Records drawn from a dataset
* * *
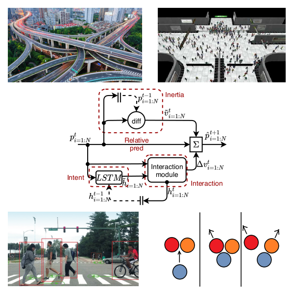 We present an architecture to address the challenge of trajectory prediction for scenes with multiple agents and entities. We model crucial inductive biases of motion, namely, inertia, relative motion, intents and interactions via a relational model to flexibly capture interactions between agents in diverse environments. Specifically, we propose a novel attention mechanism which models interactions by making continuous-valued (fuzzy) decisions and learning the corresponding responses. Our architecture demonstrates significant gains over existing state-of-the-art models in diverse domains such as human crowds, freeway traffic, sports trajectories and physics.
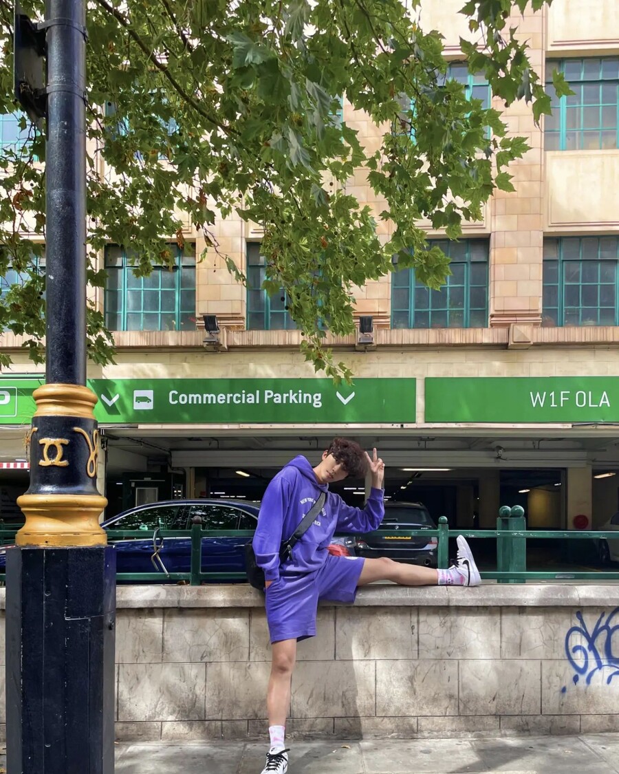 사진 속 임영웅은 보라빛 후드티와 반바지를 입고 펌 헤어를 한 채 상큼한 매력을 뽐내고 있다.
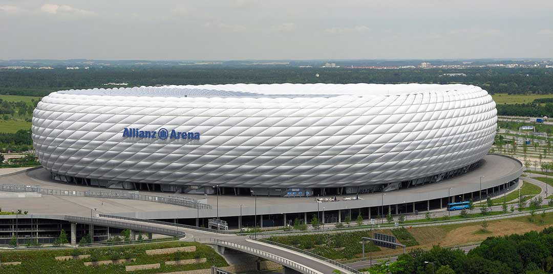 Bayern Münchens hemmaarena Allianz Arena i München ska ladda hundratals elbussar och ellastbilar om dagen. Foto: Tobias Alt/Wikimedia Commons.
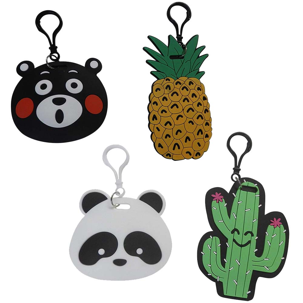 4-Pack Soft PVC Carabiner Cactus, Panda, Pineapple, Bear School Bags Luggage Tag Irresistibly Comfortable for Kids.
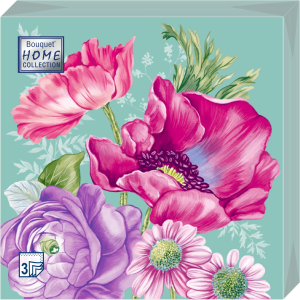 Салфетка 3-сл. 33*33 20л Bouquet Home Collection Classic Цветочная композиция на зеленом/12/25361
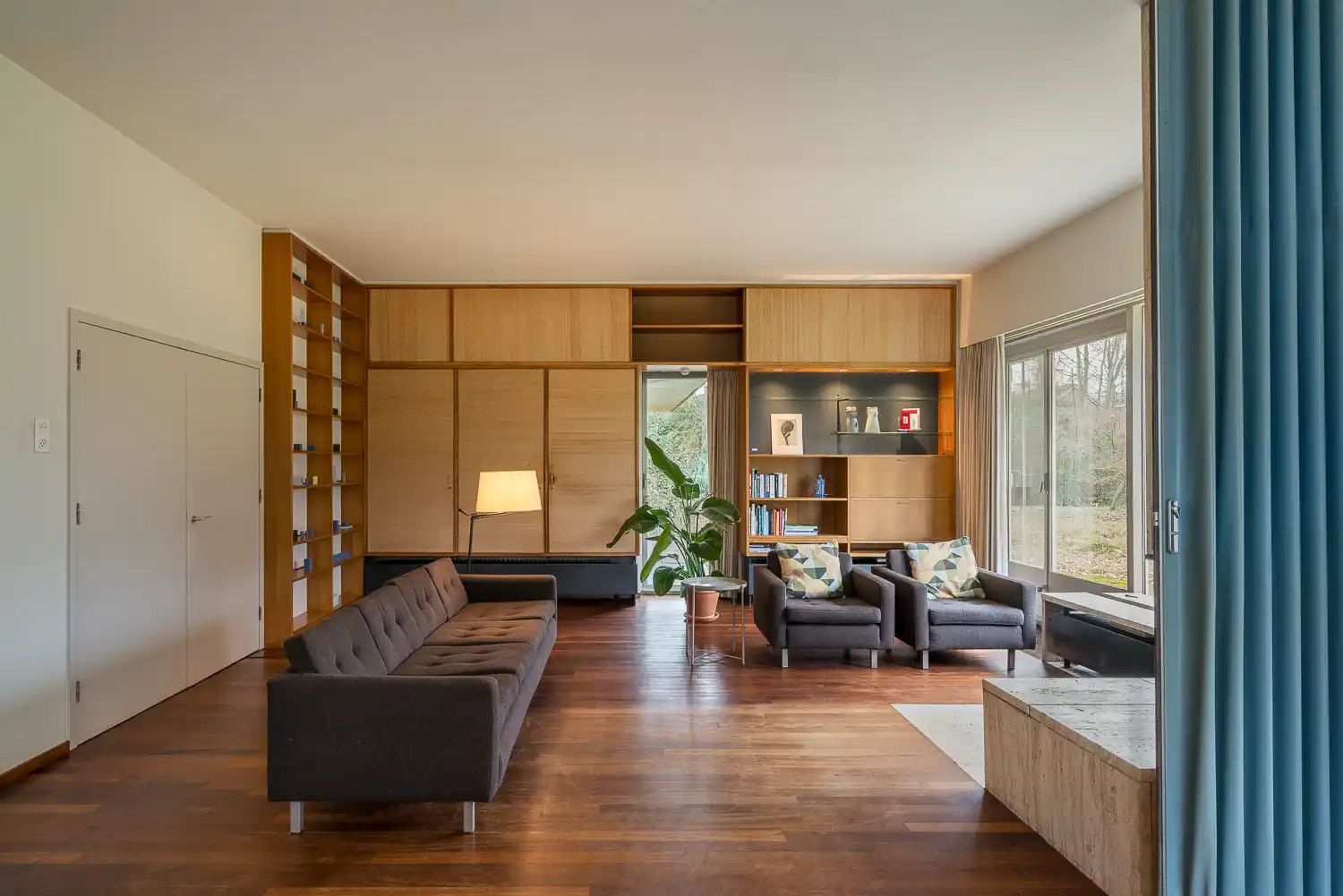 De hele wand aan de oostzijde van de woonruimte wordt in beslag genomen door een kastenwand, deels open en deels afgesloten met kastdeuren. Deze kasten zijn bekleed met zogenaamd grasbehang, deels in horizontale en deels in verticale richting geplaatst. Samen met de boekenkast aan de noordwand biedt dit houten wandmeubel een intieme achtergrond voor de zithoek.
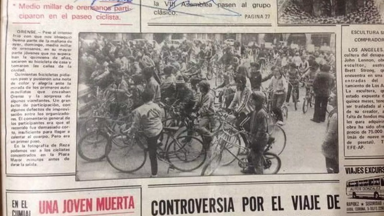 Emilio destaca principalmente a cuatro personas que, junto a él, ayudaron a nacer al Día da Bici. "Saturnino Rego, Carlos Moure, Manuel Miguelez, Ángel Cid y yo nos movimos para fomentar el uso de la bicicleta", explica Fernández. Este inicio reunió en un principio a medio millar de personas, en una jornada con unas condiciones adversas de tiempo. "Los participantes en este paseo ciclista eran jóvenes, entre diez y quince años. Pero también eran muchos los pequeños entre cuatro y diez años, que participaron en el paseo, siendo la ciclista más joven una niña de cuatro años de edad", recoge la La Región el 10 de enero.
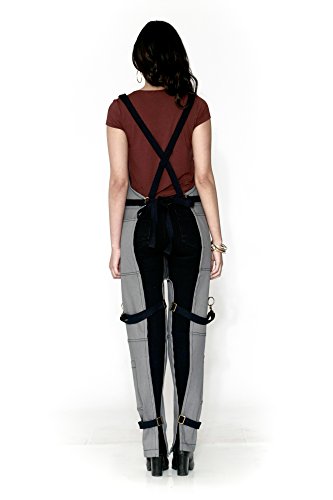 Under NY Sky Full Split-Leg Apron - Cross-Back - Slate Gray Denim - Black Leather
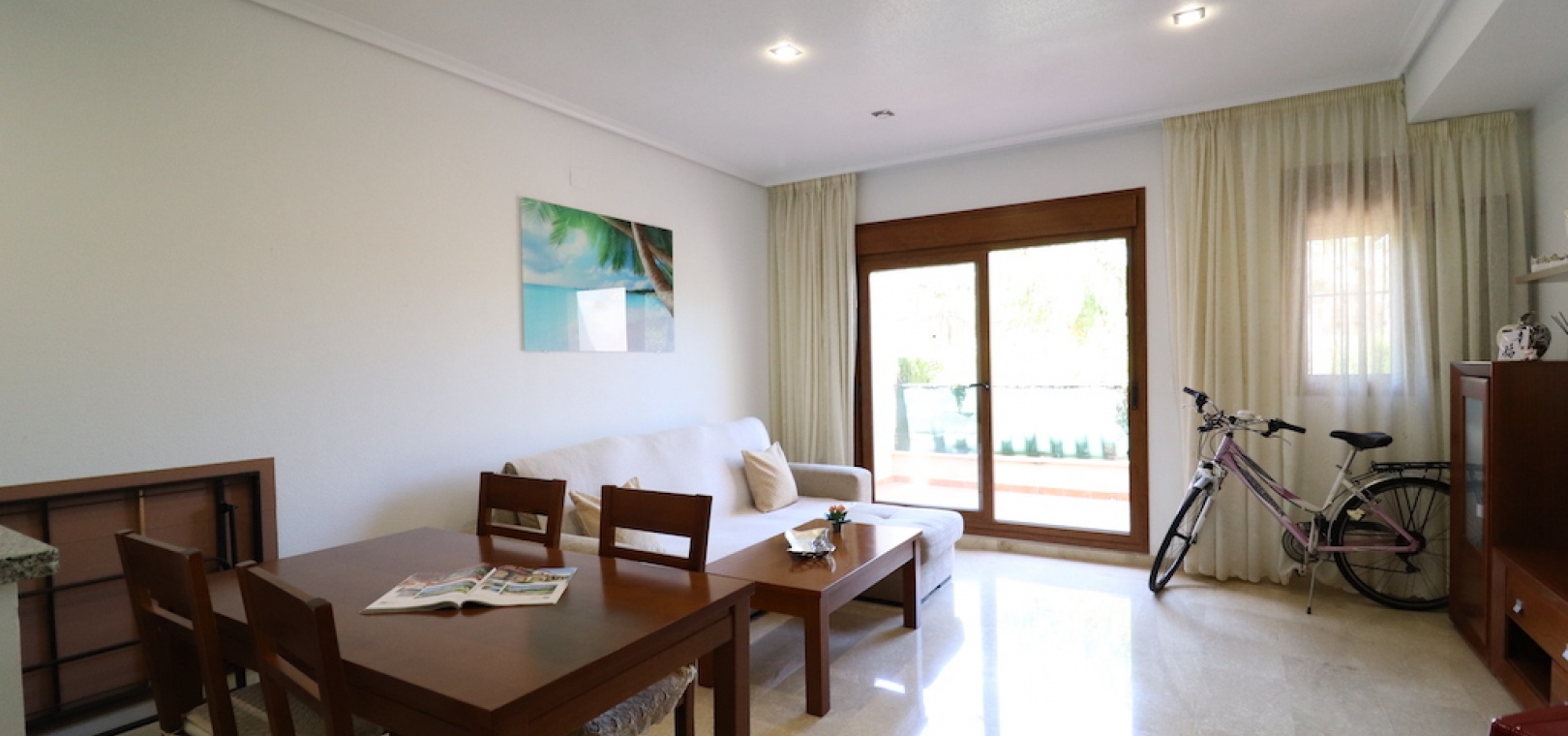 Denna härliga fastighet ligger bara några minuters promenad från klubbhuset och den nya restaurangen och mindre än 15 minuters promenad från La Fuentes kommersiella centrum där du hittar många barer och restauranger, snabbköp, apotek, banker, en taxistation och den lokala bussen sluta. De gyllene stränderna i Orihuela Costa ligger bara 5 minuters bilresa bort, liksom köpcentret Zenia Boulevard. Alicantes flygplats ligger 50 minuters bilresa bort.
* * *
» Problem description
Give the entries above again word for word, without any pictures.

» Task solution
 We present an architecture to address the challenge of trajectory prediction for scenes with multiple agents and entities. We model crucial inductive biases of motion, namely, inertia, relative motion, intents and interactions via a relational model to flexibly capture interactions between agents in diverse environments. Specifically, we propose a novel attention mechanism which models interactions by making continuous-valued (fuzzy) decisions and learning the corresponding responses. Our architecture demonstrates significant gains over existing state-of-the-art models in diverse domains such as human crowds, freeway traffic, sports trajectories and physics.
 사진 속 임영웅은 보라빛 후드티와 반바지를 입고 펌 헤어를 한 채 상큼한 매력을 뽐내고 있다.
 Bayern Münchens hemmaarena Allianz Arena i München ska ladda hundratals elbussar och ellastbilar om dagen. Foto: Tobias Alt/Wikimedia Commons.
 4-Pack Soft PVC Carabiner Cactus, Panda, Pineapple, Bear School Bags Luggage Tag Irresistibly Comfortable for Kids.
 Салфетка 3-сл. 33*33 20л Bouquet Home Collection Classic Цветочная композиция на зеленом/12/25361
 De hele wand aan de oostzijde van de woonruimte wordt in beslag genomen door een kastenwand, deels open en deels afgesloten met kastdeuren. Deze kasten zijn bekleed met zogenaamd grasbehang, deels in horizontale en deels in verticale richting geplaatst. Samen met de boekenkast aan de noordwand biedt dit houten wandmeubel een intieme achtergrond voor de zithoek.
 Emilio destaca principalmente a cuatro personas que, junto a él, ayudaron a nacer al Día da Bici. "Saturnino Rego, Carlos Moure, Manuel Miguelez, Ángel Cid y yo nos movimos para fomentar el uso de la bicicleta", explica Fernández. Este inicio reunió en un principio a medio millar de personas, en una jornada con unas condiciones adversas de tiempo. "Los participantes en este paseo ciclista eran jóvenes, entre diez y quince años. Pero también eran muchos los pequeños entre cuatro y diez años, que participaron en el paseo, siendo la ciclista más joven una niña de cuatro años de edad", recoge la La Región el 10 de enero.
 Under NY Sky Full Split-Leg Apron - Cross-Back - Slate Gray Denim - Black Leather
 Denna härliga fastighet ligger bara några minuters promenad från klubbhuset och den nya restaurangen och mindre än 15 minuters promenad från La Fuentes kommersiella centrum där du hittar många barer och restauranger, snabbköp, apotek, banker, en taxistation och den lokala bussen sluta. De gyllene stränderna i Orihuela Costa ligger bara 5 minuters bilresa bort, liksom köpcentret Zenia Boulevard. Alicantes flygplats ligger 50 minuters bilresa bort.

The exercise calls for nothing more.